Mix of discrete and Gaussian

  • Suppose \(X\) is continuous and \(Y\) is discrete with \(K\) levels

  • For “main effects” of \(X\) we take \(h^X_1(x)=x, h^X_2(x)=x^2\).

  • For “main effects” of \(Y\) we take one-hot encoding \(h^Y_k(y) = \delta_j(y), 1 \leq k \leq K\).

  • For “interactions” we take \(h^{XY}_{1k}(x,y) = x \cdot \delta_k(y)\) – tensor product of (some) terms in the “main effect”. (Could also have the variance change as well.)

  • \(\implies\) conditionals \(X|Y\) and \(Y|X\) will be in the same family as implied by “main effect”.

  • \(X|Y\) is Gaussian (equivalent to lm(X ~ factor(Y)))

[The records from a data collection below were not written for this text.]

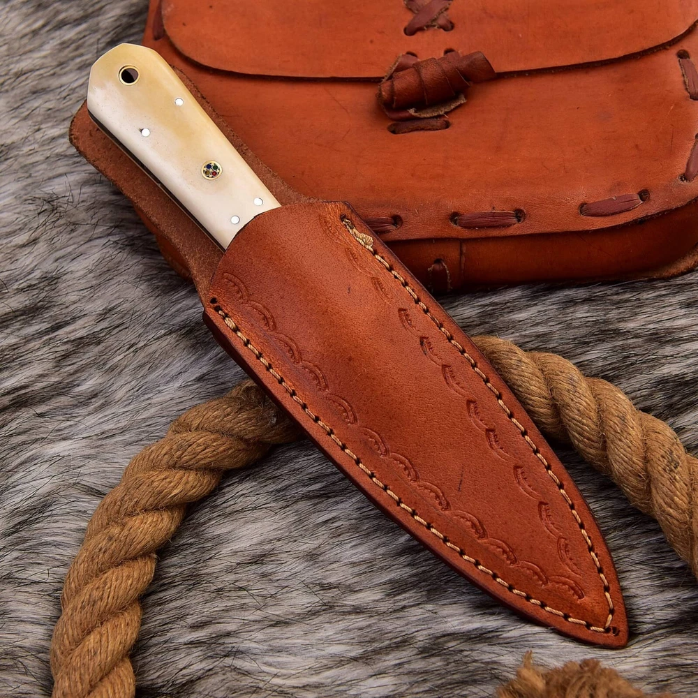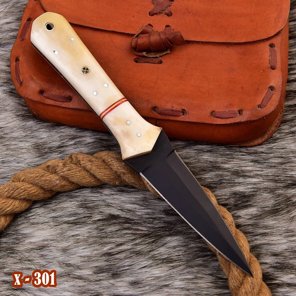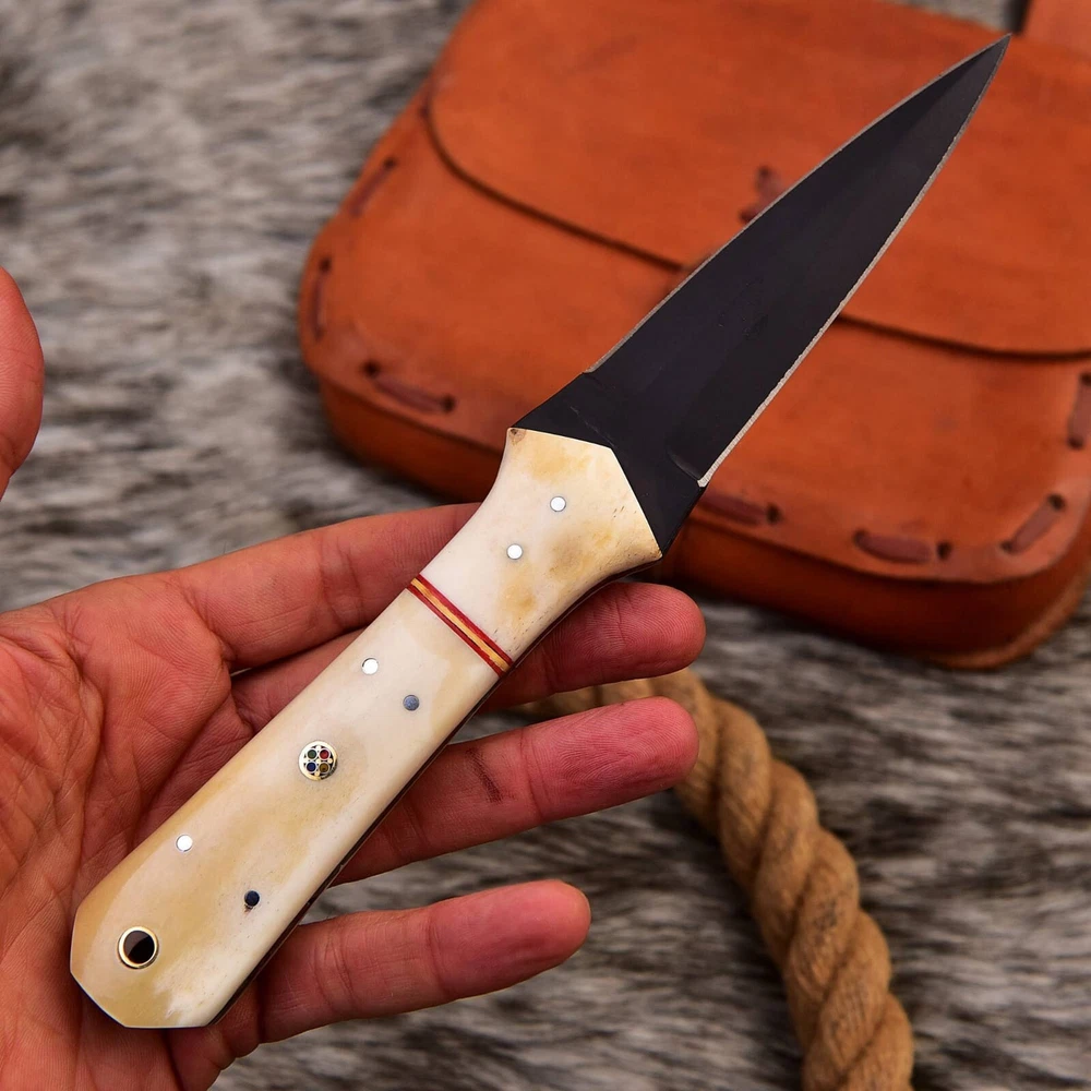 This handmade carbon steel double edged dagger boot knife with camel bone handle is perfect for collectors and enthusiasts alike. The blade is made of high-quality carbon steel, while its double cutting edge ensures precision and accuracy when in use. The knife also features a full tang for added durability, and its ambidextrous design allows for easy handling by both left- and right-handed users. Overall length: 9” inch Blade : 4.5” inch Handle : 4.5” inch With leather sheath The knife's brown color and original design make it a unique addition to any collection. This dagger is perfect for display or for everyday carry. With its impressive quality and craftsmanship, it is sure to impress any knife enthusiast.
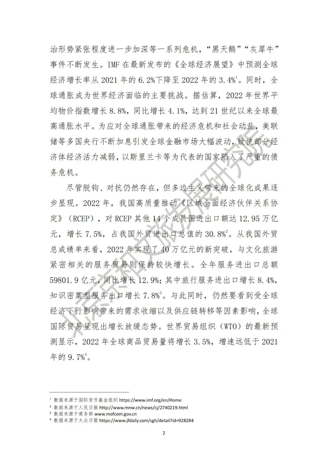 2022年,新冠病毒的全球大流行对世界经济的影响仍在持续,全球供应链逐渐呈现出区域化和本土化的趋势。自2月俄乌冲突以来,全球通胀,粮食、天然气等能源危机涌现,地缘政治形势紧张程度进一步加深,“黑天鹅”“灰犀牛”事件不断发生。IMF在最新发布的《全球经济展望》中预测全球经济增长率从2021年的6.2%下降至2022年的3.4%[1]。同时,全球通胀成为世界经济面临的主要挑战。据估算,2022年世界平均物价指数增长8.8%,同比增长4.1%,达到21世纪以来全球最高通胀水平。同时,全球国际贸易也呈现出增长放缓态势。世界贸易组织(WTO)的最新预测显示,2022年全球商品贸易量将增长3.5%,增速远低于2021年的9.7%[2]。二、文化旅游国际交流合作日益恢复,但不确定性仍然存在
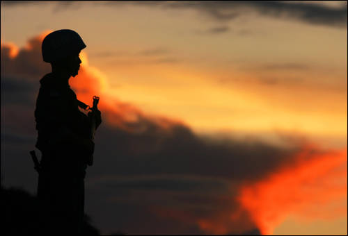 把枪鸣:同时,他们还会鸣枪,来通知其他的士兵;枪的形状很像数字7,理解为7;解:7
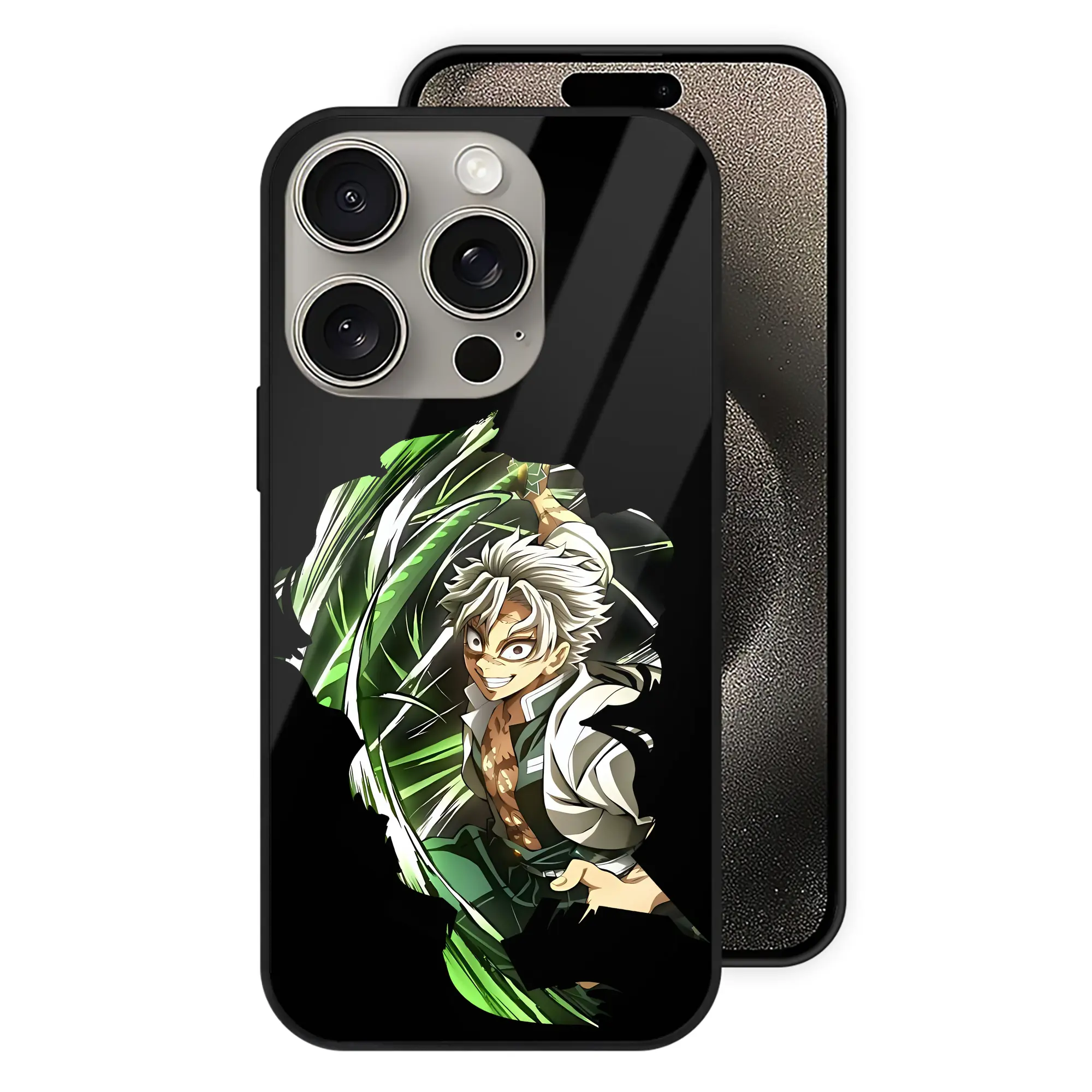 鬼滅の刃 グッズ,不死川 実弥 - IPhone15Pro対応 ・ スマホケース ・ 背面ガラス ・ TPU+強化ガラス ・ 耐衝撃 ・ 黄変防止 ・ ワイヤレス充電対応 ・ 3D立体ボタン
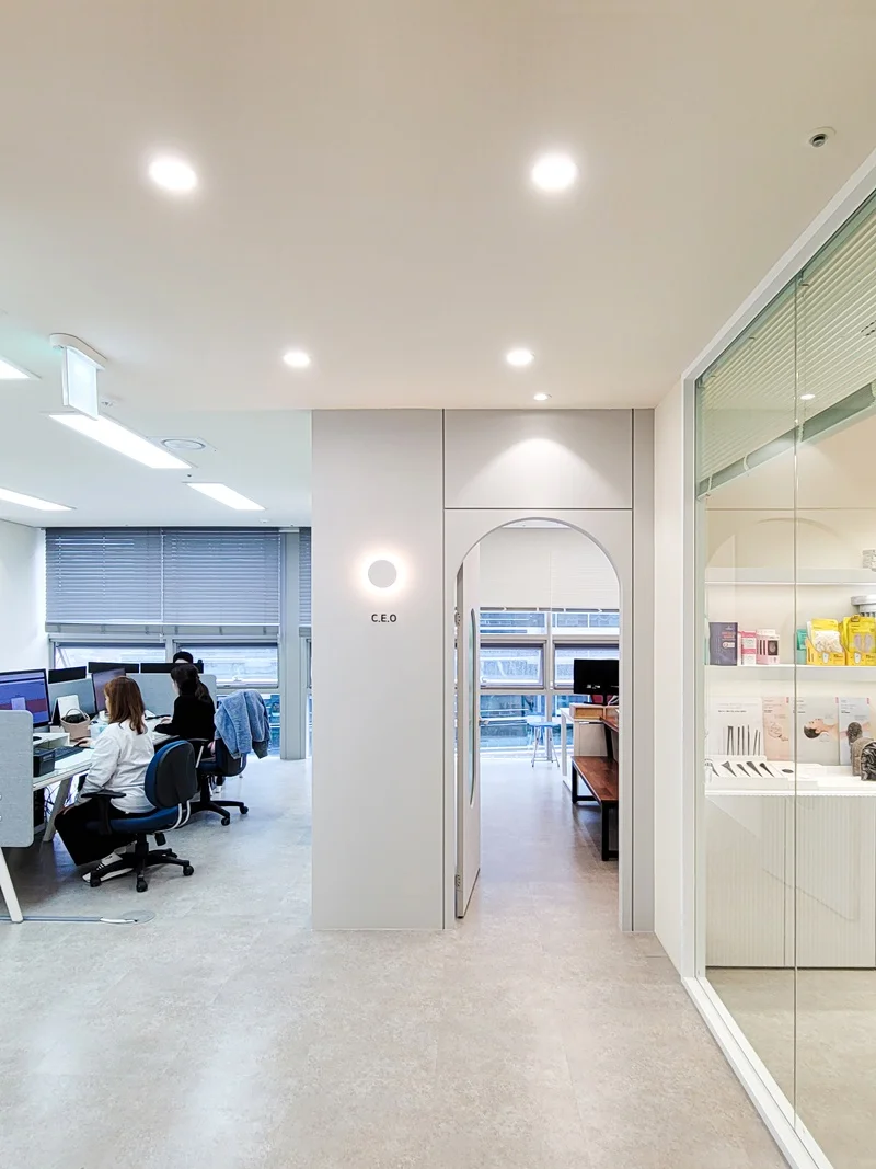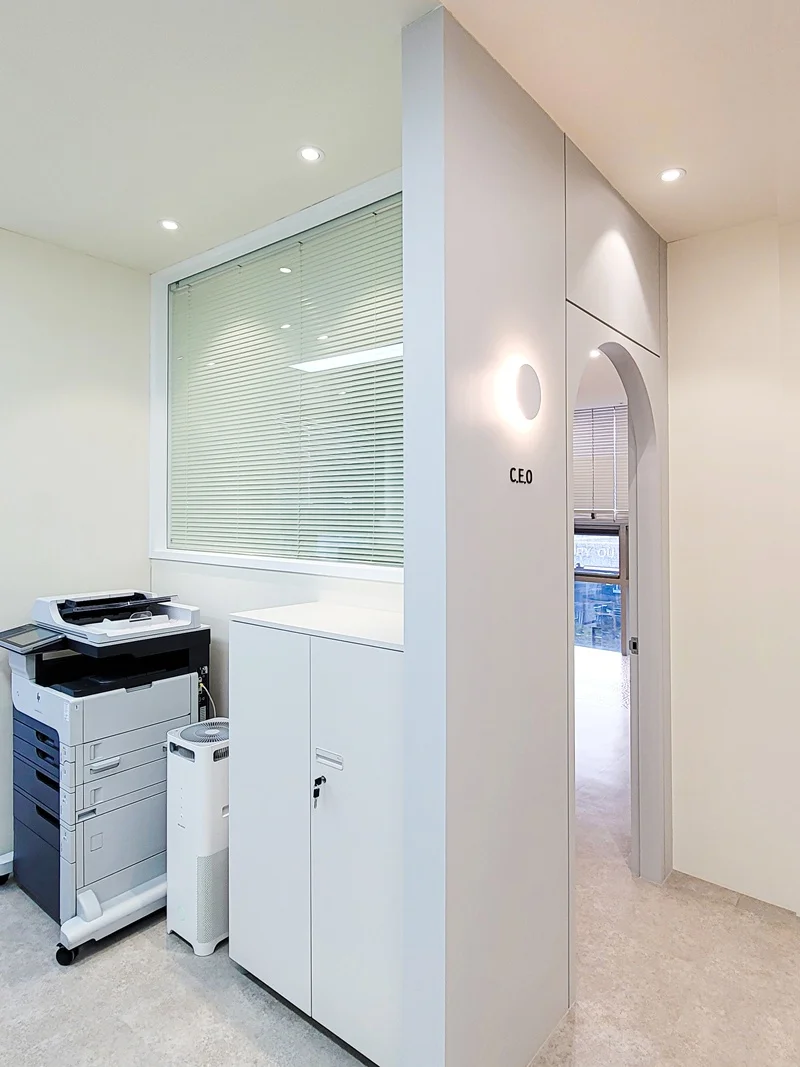 대표실은 소형 사무실에서 차별화된 분위기를 줄 수 있는 공간으로 연출했습니다. 출입구 벽면을 아치형 구조로 설계하여 클래식하면서도 부드러운 이미지를 더하고, 내부는 화이트와 우드의 조화로 차분하면서 안정적인 분위기를 조성했습니다.

  • \(Y|X\) is multinomial (equivalent to a baseline multinomial logit nnet::multinom(Y ~ X)).

Parameters

  • The “interactions” are encoded by \(\gamma_{1,k} \in \mathbb{R}^{1 \times K}\).


Two discrete variables

  • Suppose \(Z\) is discrete with \(L\) levels and \(Y\) is discrete with \(K\) levels

  • For “main effects” of \(Z\) we take one-hot encoding \(h^Z_l(l)=\delta_l(z) , 1 \leq l \leq L\).

  • For “main effects” of \(Y\) we take one-hot encoding \(h^Y_k(y) = \delta_j(y), 1 \leq k \leq K\).

  • For “interactions” we take \(h^{ZY}_{lk}(z,y) = \delta_l(z) \delta_k(y)\) – tensor product of terms in the “main effect”.

Parameters

  • The “interactions” are encoded by \(\gamma_{l,k} \in \mathbb{R}^{L \times K}\).


Several continuous and discrete variables

  • For all continuous variables use the Gaussian encoding with \(x \mapsto x, x \mapsto x^2\) as main effects.

  • For all discrete variables use the one-hot encoding \(x \mapsto \delta_l(x)\)

Interactions

  • Use the tensor product formulation, but for any continuous interactions use only the \(x \mapsto x\) main effect.

  • Continuous / continuous: a single parameter \(\mathbb{R}\)

  • Continuous / discrete with \(L\) levels: a vector \(\mathbb{R}^L\)

  • Discrete with \(L\) levels / discrete with \(K\) levels: a matrix in \(\mathbb{R}^{L \times K}\).

Pseudo-likelihoods

  • For every continuous variable: Gaussian linear model

  • For every discrete variable: baseline multinomial logit


Conditional independence

  • Absence of any interaction \(\implies\) conditional independence.

Selecting edges: group LASSO

  • Want a penalty that can zero-out an entire vector (continuous / discrete) or matrix (discrete / discrete).

  • Consider

\[\begin{split} \begin{aligned} \hat{\beta} &= \text{argmin}_{\beta} \frac{1}{2} \|Z-\beta\|^2_2 + \lambda \|\beta\|_2 \\ &= \begin{cases} 0 & \|Z\|_2 \leq \lambda \\ \frac{Z}{\|Z\|_2} \cdot (\|Z\|_2-\lambda, 0) & \text{otherwise.} \end{cases} \\ &= \max(\|Z\|_2-\lambda, 0) \cdot \frac{Z}{\|Z\|_2} \end{aligned} \end{split}\]
  • For matrices use Frobenius (Euclidean norm of matrix entries)

\[ \|\beta\|_F = \text{Tr}(\beta'\beta)^{1/2} \]
  • Combine with pseudo-likelihood and proximal gradient and away we go…